Hill Alderman Jorge Perez (pictured), introduced the resolution along with Annex Alderman Alphonse Paollilo, Jr., after two narcotics cops, Billy White and Justen Kasperzyk, were arrested in an FBI corruption investigation. Their cases are pending. After their arrests, White retired with a controversial $91,000 pension. Kasperzyk put in for a $41,013 disability pension, which received approval Thursday. Perez said he wants to differentiate between crimes involving the workplace and unrelated indiscretions. The aldermen also said they want to take into consideration the effect of reduced or revoked pensions on spouses and children who were not involved in or aware of the crime.

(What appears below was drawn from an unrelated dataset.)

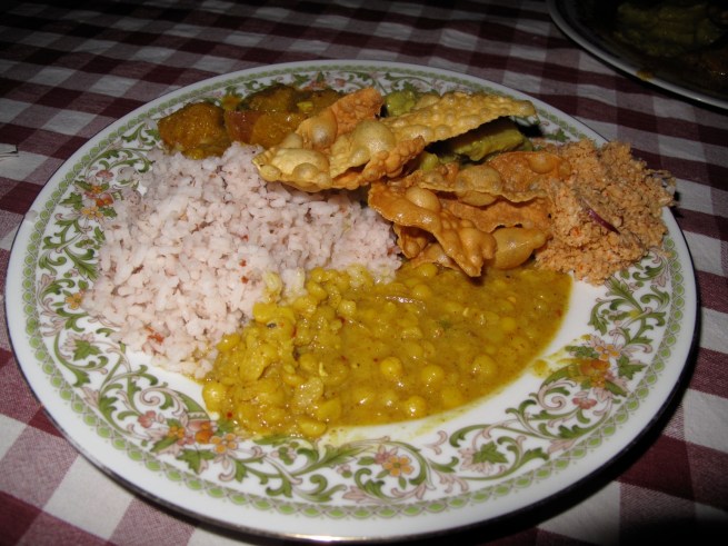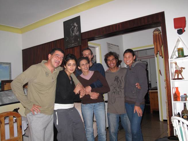 Karim, Sylvan, Kahi and the Fiz feasting on Friday couscous in our humble room

Blumenthal and Bysiewicz have already been researching the legal possibilities of such legislation, in the wake of a string of corruption convictions of state officials in the past few years. At Thursday’s hearing they offered their personal expertise and access to state files on pension reduction resolutions. They also advised aldermen to sit down with union officials and other objectors in order to address their concerns. They said if New Haven were to gain the power to reduce or revoke convicted city employees’ pensions, it would become the first city in the nation to do so. Thirteen states have similar judicial or administrative processes in place. Blumenthal and Bysiewicz been involved in four so-far unsuccessful efforts to convince the legislature to make Connecticut the 14th.
“It is amazing to me,” Bysiewicz said, “that after all we’ve been through as a state, we haven’t passed this.”
“When an official betrays public trust, he should not receive public pension, which is taxpayer money going into his pocket,” Blumenthal told the aldermen. Another concern is the effect of reduced or revoked pensions on spouses and children who were not involved in or aware of the crime.
High Point
Also on the table during Thursday’s meeting was New Haven’s efforts to obtain a $150,000 federal grant to implement an anti-violence intervention program in a soon-to-be-selected New Haven neighborhood. Carolyn Bove (pictured on the right beside police Sgt. Petishia Adger), a grant writer for the police department, explained the initiative, which is modeled on a successful community-policing program in High Point, N.C. Click here, here, here, here and here to read previous Independent articles on that program.
The program would start small, with a one-year grant that will target 20 to 40 “mid-level” street dealers heading down a road to violence. Working with the Christian Community Commission, family members, and prosecutors, cops would try to steer those people to training or rehab programs rather than jail. Bove clarified that, despite a partnership with the Christian Community Center, the intervention program would not be faith-based.